At for the value of c where Δ=0, find the value of x0 where f'(x0)=0.
Confirm that f"(x0)=0 which implies a point of inflexion. I got x0=-2/3.
So what does the derivative of the f(x) have to do with the graphs? Or is the derivative part of the main question: define the function f with the formula? And what would be the similarities and differences of the graphs? And if you increase c then does the slope change?
The question want you to
1. graph the function f(x) (NOT f'(x)) for the given values of the parameter.
2. Describe the similarities and differences of the graphs.
3. Describe the effect of the value of c with respect to the appearances of the graphs (of f(x)).

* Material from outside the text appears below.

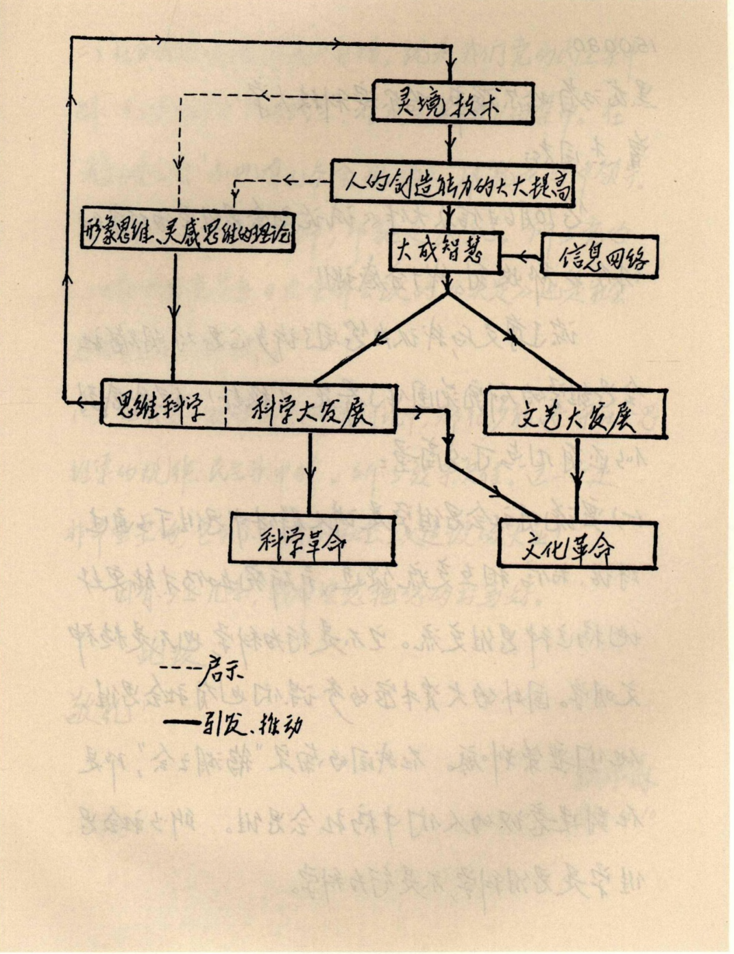 1994年10月,钱学森给戴汝为、汪成为、钱学敏三人写信说,“灵境技术是继计算机技术革命之后的又一项技术革命。它将引发一系列震撼全世界的变革,一定是人类历史中的大事。”在信中,他亲手绘制了一张导图,以阐释“灵境”技术的广泛应用可能会引发人类社会的全方位变革。

If you have graphed the function for the different values of c requested, you will see the differences.
In fact, part a is to help you understand the questions in parts b, c and d.
If you have not graphed the function as requested, you can also read up parts b, c, and d for the different possible cases when c is varied.
I would expect similarities for larger values of c. The discriminant equals zero at c=4/3. So I expect similarities when c>2. For c≤1, I expect changes in form (max-min, inflexion, etc.)
I do not have a graphing calculator, so I cannot tell you the differences and similarities offhand.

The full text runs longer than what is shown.